■ WHAT YOU HAVE TO DO
Print the data that follows word for word, leaving out any picture.

Records contained in a dataset:
════

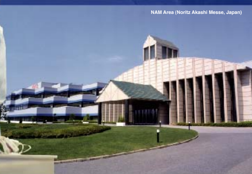
NAM Area (Noritz Akashi Messe, Japan)

More relaxing bath time for people all around the world. Noritz is constantly innovating our production technology to realize higher quality, transmitting cutting edge technology to the world.
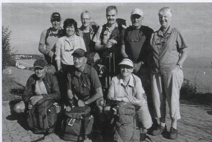
Group at Rorschach:
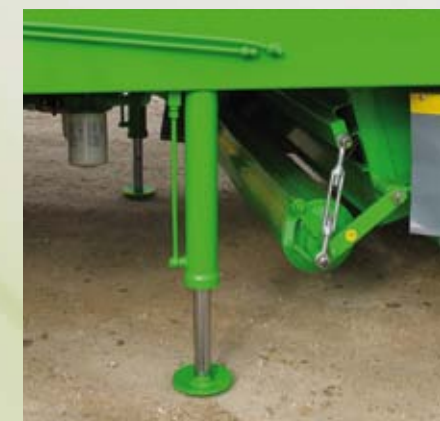
HYDRAULIC FEET BRACKET AND REAR LADDER ROLLER
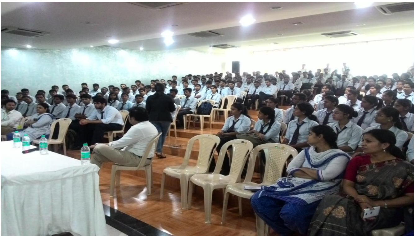
Student Volunteers Along with Faculty Coordinators Present during Presentation on Teach For India
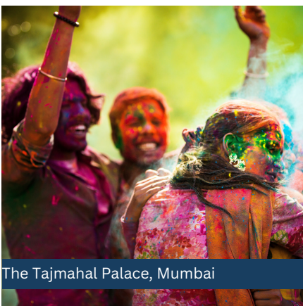
The Tajmahal Palace, Mumbai
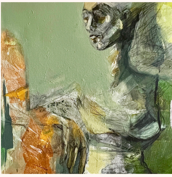
Untitled 50x50 cm Mix Media on Canvas
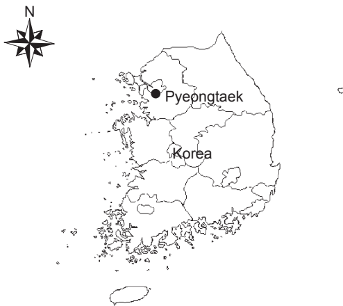
Fig. 1. Survey site for breeding ecology of Grey Herons, Pyeongtaek, Korea.

The clutch size, initial brood size, and final brood size were determined by examining openly visible nests on trees. A ladder was used to view nests not visible from the ground. The average clutch size, initial brood size, and final brood size were compared between years. For fledglings, we considered chicks as having successfully fledged when they were more than 4 wk post-
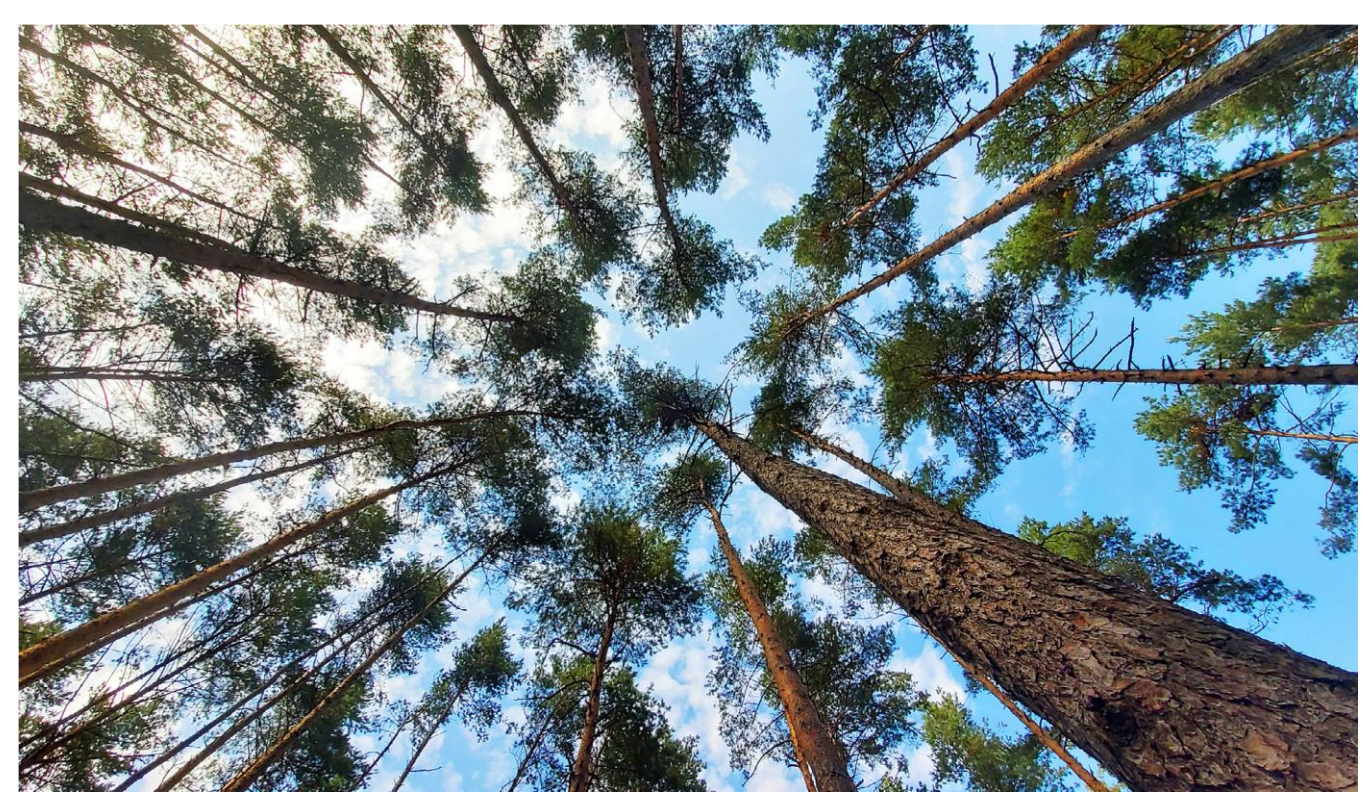
Calculated and produced in association with GovData 2022
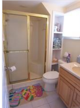
First floor full bath

════

■ EXPECTED ANSWER
NAM Area (Noritz Akashi Messe, Japan)

More relaxing bath time for people all around the world. Noritz is constantly innovating our production technology to realize higher quality, transmitting cutting edge technology to the world.
Group at Rorschach:
HYDRAULIC FEET BRACKET AND REAR LADDER ROLLER
Student Volunteers Along with Faculty Coordinators Present during Presentation on Teach For India
The Tajmahal Palace, Mumbai
Untitled 50x50 cm Mix Media on Canvas
Fig. 1. Survey site for breeding ecology of Grey Herons, Pyeongtaek, Korea.

The clutch size, initial brood size, and final brood size were determined by examining openly visible nests on trees. A ladder was used to view nests not visible from the ground. The average clutch size, initial brood size, and final brood size were compared between years. For fledglings, we considered chicks as having successfully fledged when they were more than 4 wk post-
Calculated and produced in association with GovData 2022
First floor full bath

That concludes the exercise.